This is the seventeenth in a multi-part blog on North Korea. You can find the others here
We said goodbye to our brave military escort at the DMZ, thankful that they’d protected us from the imminent danger of American attack.
We made one last stop on our way back to the capital, just outside Kaesong city. It was reputedly the tomb of an early Korean king and his Mongolian wife, but as with everything else in the DPRK, nothing could be taken at face value. North Korea has been known to fake archaeological findings to support whatever version of history is the current party line.
Even if the physical site was authentic (and I believe it was), who knows how much of the interpretation was propaganda? The history of the Koryo Dysnasty—one of the founding kingdoms of Korea—is politically charged. The North believes that if they can claim control of that history, they can claim the right to lead a reunified Korean peninsula.
To the best of my knowledge, this burial mound was the only ancient tomb known to have survived the bombings of the Korean War. But despite my normal interest in history, I didn’t want to be there.
The sun beat down on the site like a hammer, without even the mitigating hope of a breeze. I followed along at the tail end of our group, dragging my heels alongside an equally deflated Norwegian. I’d become sick to the gills of monuments, propaganda and especially stories about the Leader, and Jon felt the same.
As we plodded along in our sweat soaked misery, Jon whispered all the idiotic comments he wanted to ask our guide. He looked so sincere, and his Norwegian accent pushed it over the edge.
“Why is it that we never see the Leader? Is it because he’s so fat and ugly?”
And, “I have a question. Last night I had this dream that I was having sex with the Leader. Is this normal?”
I could picture so clearly Jon asking these questions in sincere tones, and the look of absolute horror that would freeze on the face of our guide.
We were cracking up like school kids, trying desperately to keep a straight face while stifling snorts of laughter. Contagious hysteria wasn’t far off.
I said, “You know that blister on my foot? Last night the skin peeled off and… it was… it was in the shape of the Leader!”
I didn’t realize until we got back to Beijing the constant pressure we’d been under.
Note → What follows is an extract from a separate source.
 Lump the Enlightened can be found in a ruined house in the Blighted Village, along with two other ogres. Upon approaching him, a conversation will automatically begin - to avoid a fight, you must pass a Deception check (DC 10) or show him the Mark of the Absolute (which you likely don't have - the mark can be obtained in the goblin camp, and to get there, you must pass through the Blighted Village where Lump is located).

Always having to be careful of what we said, the awareness that we were permanently under surveillance, every conversation listened to, and the seriousness of the North Korean guides with their relentless badgering propaganda. It was finally beginning to pile up.
One of the other guys drifted to the back and warned us to keep it down. If the North Koreans heard any of our jokes about the Leader, the least they would do was deport us immediately.
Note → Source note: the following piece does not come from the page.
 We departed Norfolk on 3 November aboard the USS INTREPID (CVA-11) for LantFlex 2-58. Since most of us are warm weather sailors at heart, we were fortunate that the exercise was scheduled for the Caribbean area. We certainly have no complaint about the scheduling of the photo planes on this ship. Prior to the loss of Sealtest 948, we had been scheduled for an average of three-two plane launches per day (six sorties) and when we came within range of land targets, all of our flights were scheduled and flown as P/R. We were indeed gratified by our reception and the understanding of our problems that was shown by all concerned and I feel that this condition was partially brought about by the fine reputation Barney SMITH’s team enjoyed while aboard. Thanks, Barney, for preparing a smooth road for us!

But I no longer cared what happened to the trip. I’d seen the DMZ and I was leaving the next day. Deportation would simply mean a couple less Communist monuments to suffer through.
The holes in the cracks of the regime continued to reveal themselves. On the drive back to Pyongyang, we stopped at a rest area that had been built to straddle the empty highway. There were of course no customers, only a few bored workers sulking in dark corners of empty rooms.
I happened to look into the kitchen on my way to the washroom, where I saw three workers filling plastic water bottles from a tap and re-sealing the tops with a paper clip and a lighter. They looked guilty when I caught their eye, but that didn’t stop them from trying to sell us those same bottles a few minutes later.
Back in the city, we were forced to make an unplanned detour because several main roads had been closed for the national holiday. We passed through semi-rural sections on the outskirts of Pyongyang, where the buckled tarmac was like one prolonged act of god. We didn’t see any other vehicles, only people walking down the nightdark centre of the road.
The housing areas of the outskirts were the diametrical opposite of the marbled grandeur we’d been shown in the city. Crumbling cement dwellings clustered around shared courtyards. Many of the houses were completely overgrown with plants and vines, as people tried to supplement their meager diet by turning their roofs into makeshift gardens. Behind one house, in a little yard surrounded by ruined walls, I saw a woman and child squatting beside a pile of coal, breaking lumps off with a hammer.
Soon after that, we passed what must have been a black market. Our minders jumped up and ordered us to put away our cameras, and they refused to answer questions. The quick glimpse we caught revealed a government soldier with a rifle standing guard in front of a little walled courtyard. Inside, people looked to be buying and selling with paper money.
I found out afterwards that the government turns a blind eye to these unofficial markets because they’re just about the only thing staving off more widespread starvation. Not everyone has access to them, however, and only dollars are accepted.
That night, back on our floor of the deserted hotel, we lined up shoulder to shoulder in front of the elevators and demonstrated our best North Korean goose step march while one of the guys took a photo. The shutter clicked, we burst into laughter, and the elevator doors slid open to reveal the head of the DPRK government tourist service. A couple seconds earlier and he would have walked straight into our goose-stepping line.
He was friendly enough to talk to, but there was something strange about his eyes. A barely submerged cruelty, perhaps. I got the feeling that he would have shipped us off to a concentration camp without the slightest hesitation.
This latest close call finally convinced us that we were losing all sense of caution. It was definitely time to leave.